- _What you will do_:
In the data below, find every line with the string "Орден" and pull it out.

——————

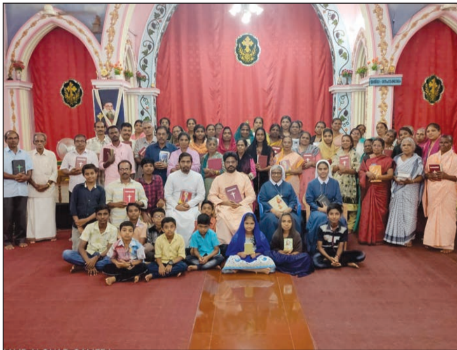
ലെക്സിയോ ദിവനാ മാവേലിക്കര ഭദ്രാസനം

അജപാലന ശുശ്രൂഷയിൽ ഒരുവൻ എപ്രകാരം വഴികാട്ടി ആകണം എന്നുള്ളതിന് തന്റെ ജീവിതംകൊണ്ട് തയ്യാറാകുമ്പോൾ അത് ഫലപ്രാപ്തിയിലെത്തും. ലക്ഷ്യം നേടിയെടുക്കാൻ ആടിന്റെ മണം, ആടിന്റെ സ്വഭാവം, ആടിന്റെ പ്രവൃത്തി ഇതെല്ലാം നിരന്തരം അറിഞ്ഞ് നയിക്കാൻ തയ്യാറാകണം. അജപാലന ശുശ്രൂഷയിൽ എല്ലാവരെയും തൃപ്തിപ്പെടുത്താൻ സാധിച്ചെന്ന്വരില്ല അപ്പോൾ മിശിഹായുടെ വഴിയിലൂടെ യാത്രചെയ്യുക എന്നുള്ളതാണ്. നിത്യപുരോഹിതനായ മിശിഹാ തന്റെ ജീവിതത്തിൽ നൽകിയ മൂല്യങ്ങളും, പഠിപ്പിക്കലും നിരന്തരം നൽകുക എന്നുള്ളതാണ്.
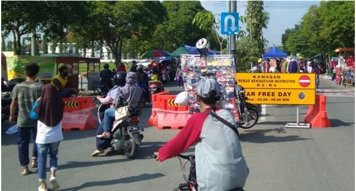
Keramaian di CFD Alun-alun Hanggawana Slawi, Kabupaten Tegal.
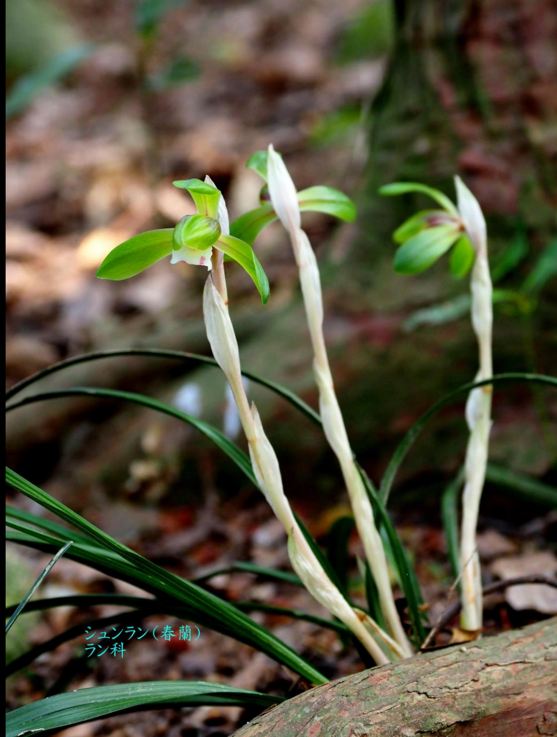
シュンラン(春蘭) ラン科
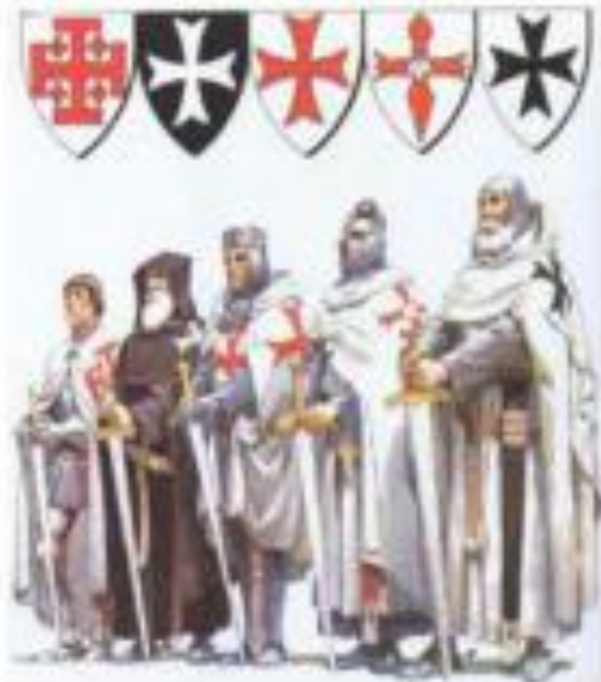
Орден Святого Иона Иерусалимского

Мальтийский орден был основан в Средние века как монашеско – рыцарский орден. Его члены видели свою миссию в том, чтобы лечить и защищать паломников в Святую землю. Поскольку рыцарям приходилось часто сражаться, чтобы отстоять свои владения, Орден приобрел довольно воинственные черты.
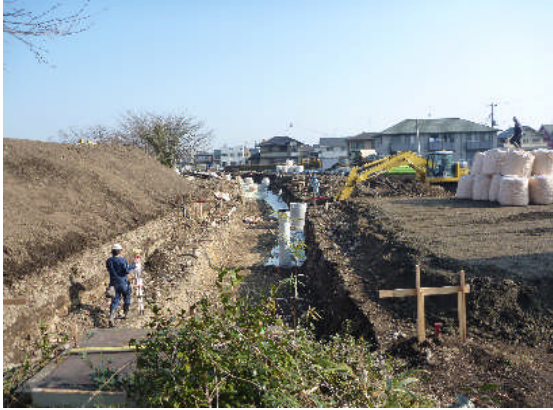
▲スーパーソル施工前
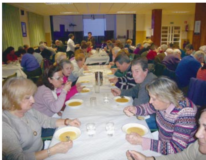
La parroquia de Almazán celebra la tradicional cena del hambre a favor de Manos Unidas.
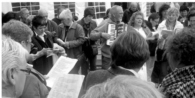
Irudian Xumela abesbatza Segurara joan zen egunean.

Ohi bezala, hitzaldiek Lasarte-Oriako Manuel Lekuona Kultur Etxeko hitzaldi aretoan izango dute leku eta, orduari dagokionez, arratsaldeko 18:00etan izango dira. •
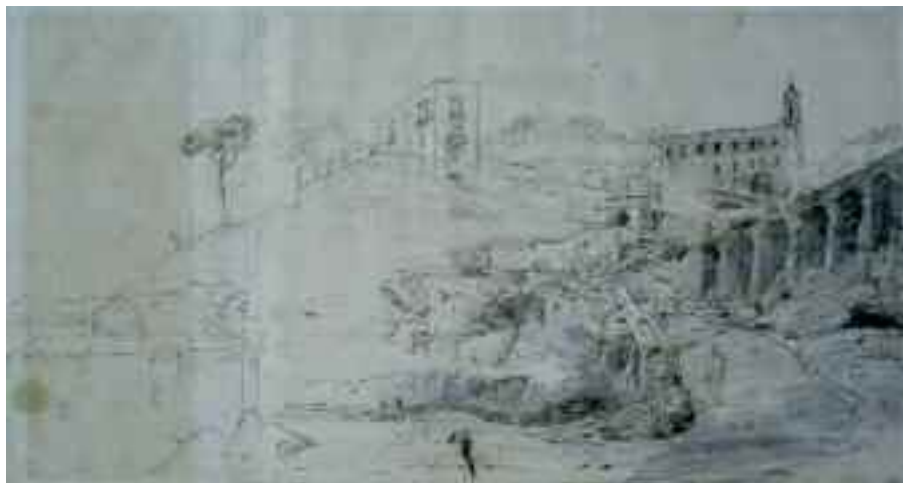
Fig. 14 - Gaspar Van Wittel - Sant'Antonio a Posillipo Napoli, museo di San Martino

——————

- _Answer_:
Орден Святого Иона Иерусалимского
Мальтийский орден был основан в Средние века как монашеско – рыцарский орден. Его члены видели свою миссию в том, чтобы лечить и защищать паломников в Святую землю. Поскольку рыцарям приходилось часто сражаться, чтобы отстоять свои владения, Орден приобрел довольно воинственные черты.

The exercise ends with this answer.